Many notable move-ins are on tap for the first half of 2018, including Dropbox at The Exchange, Twitch at 350 Bush, Facebook’s Instagram division at 181 Fremont, and Salesforce and Accenture at the Salesforce Tower (415 Mission). Nonetheless, the impending supply jolt is likely to produce a brief spike in vacancy, as the tenants occupy their new spaces in phases and secure subtenants for the portions earmarked for future expansion.
Investment
With few value-add opportunities left in San Francisco, institutional investors have turned to secondary and tertiary markets, limiting sale volume in the city. The largest fourth-quarter transaction in the Financial District involved 201 California, a 243.2k sf, Class A asset, which traded for $179 mil, or $736/sf.
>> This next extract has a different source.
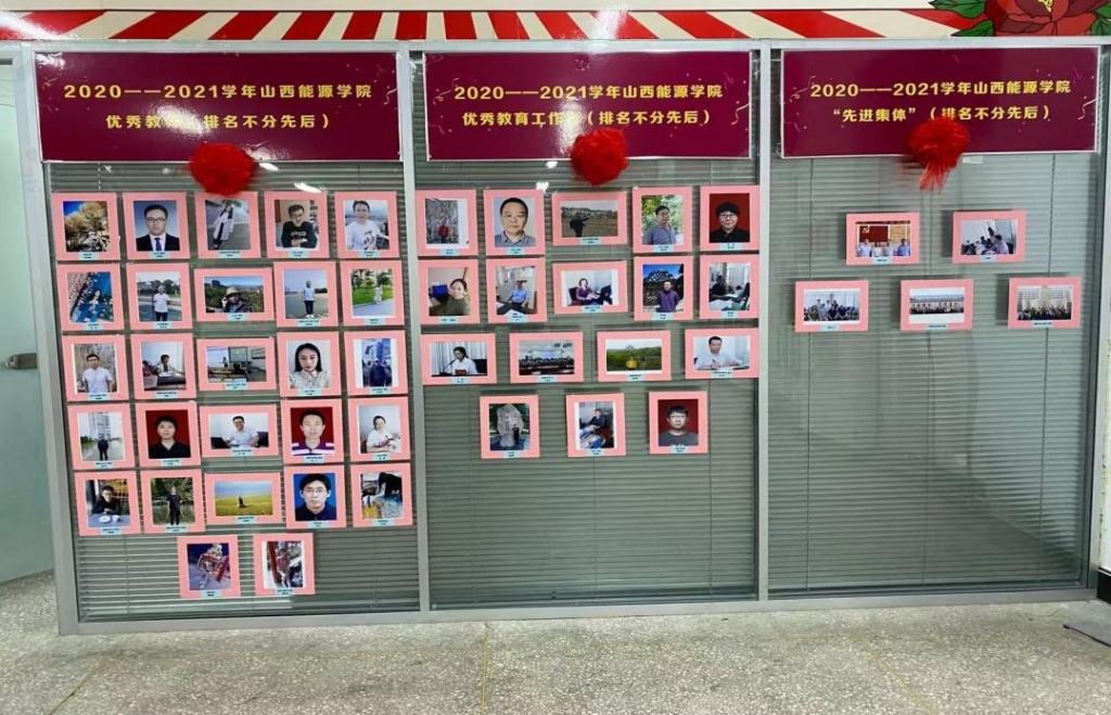 学院优秀代表展区分为五个部分:2018年通过我院青年教师教学竞赛脱颖而出,代表学院参加山西省青年教师教学竞赛的优秀教师;2020年通过我院青年教师教学竞赛选拔出代表学院参加山西省青年教师教学竞赛的优秀教师;2020——2021学年beat365英国官网优秀教师;2020——2021学年beat365英国官网优秀教育工作者;2020——2021学年beat365英国官网“先进集体”。习近平总书记指出:劳模精神、劳动精神、工匠精神是以爱国主义为核心的民族精神和以改革创新为核心的时代精神的生动体现,是鼓舞全党全国各族人民风雨无阻、勇敢前进的强大精神动力。通过对我院优秀代表和先进集体的展示活动,弘扬正能量,引导全院教职工学习爱岗敬业、争创一流、艰苦奋斗、勇于创新、淡泊名利、甘于奉献的劳模精神,学习崇尚劳动、热爱劳动、辛勤劳动、诚实劳动的劳动精神,学习执着专注、精益求精、一丝不苟、追求卓越的工匠精神。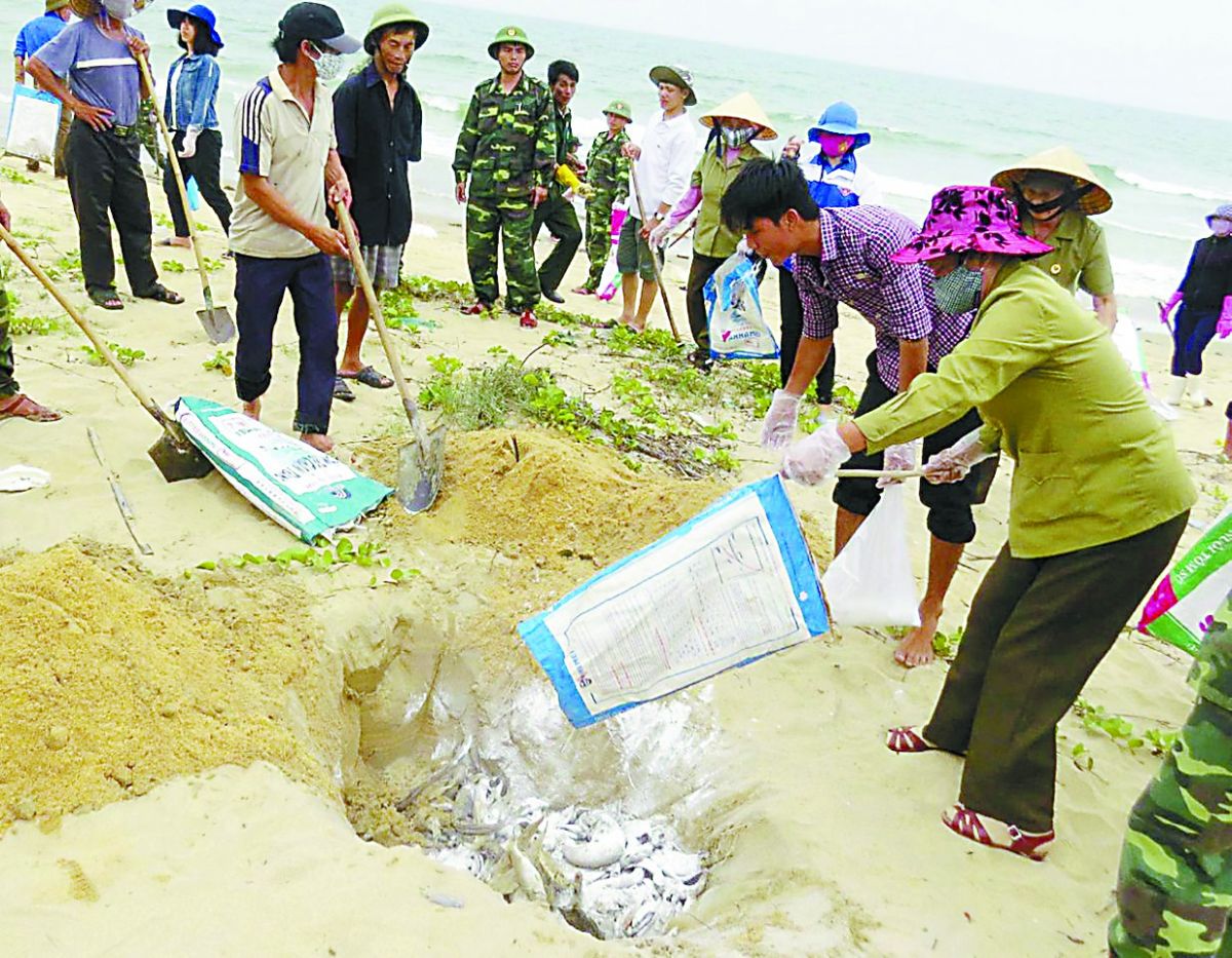 4月,越南渔民在海滩上掩埋死鱼。台塑集团在当地投资的河静大炼钢厂被指制造了污染。

Boston-based Beacon Capital Partners acquired the property from Barings Real Estate Advisers as a value-add play, with approximately two-thirds of the building’s rent roll expiring by 2020. South of Market Street, Ponte Gadea USA, funded by the Spanish fashion mogul Amancio Ortega, spent $469.5 mil on the Pacific Place portfolio at 22 4th Street and 801 Market Street, which includes 329.3k sf of office, retail, and hotel space; the $1,425/sf outlay reflects the retail component along Market Street. Ponte Gadea USA previously purchased the Tiffany Building at 360 Post Street in Union Square and likely views its new San Francisco assets as long-term holds. The fourth quarter’s investments brought sale activity for the year to 5.32 msf traded at an average price tag of $658/sf and an average cap rate of just under 5%, the lowest annual sale volume by square footage since 2013.
Spotlight: Central SOMA Takes Center Stage
Since 1986, office development approvals in San Francisco have been capped by the voter-enacted ballot measure Proposition M. As the city faces an office supply crunch exacerbated by the rapid growth and diversification of the tech sector, the Prop. M cap is an obstacle to meeting the demand for large blocks of space and is partly responsible for the “hole” in the construction pipeline between late 2018 and 2022. That could change in June of 2018, when the city’s voters will decide whether to exempt the Central SOMA district from Prop. M restrictions. With more than 5.5 msf of office space already planned in the Central SOMA area, led by Kilroy’s Flower Mart project and the Tennis Club proposal from Alexandria and TMG Partners, the ballot measure could have a tremendous impact on the city’s office market in the coming decade.
Notable Leases Signed (2017)
• Dropbox—1800 Owens Street—736,550 sf leased
• Facebook—181 Fremont Street—432,000 sf leased
• Airbnb—650 Townsend Street—287,000 sf leased
• Okta—100 First Street—207,066 sf leased
• Amazon—525 Market—180,000 sf leased
Notable Purchases (2017)
• Beacon Capital Partners—44 Montgomery Street—688,902 sf purchased for $475.4 mil or $690/sf (3.6% cap rate)
• The Blackstone Group—211 Main Street—417,266 sf purchased for $292.882 mil or $702/sf (3.34% cap rate)
• Rockpoint Group—100 Pine Street—402,534 sf purchased for $287.5 mil or $714/sf
• Brookfield Office Properties—1 Post Street—424,000 sf purchased for $245 mil or $578/sf (sale-leaseback)
• Walnut Hill Capital—150 Spear Street—264,492 sf purchased for $185 mil or $699/sf (4.8% cap rate)
Source: CoStar Data
*Figures and information for this report look only at industrial buildings larger than 15,000 s.f.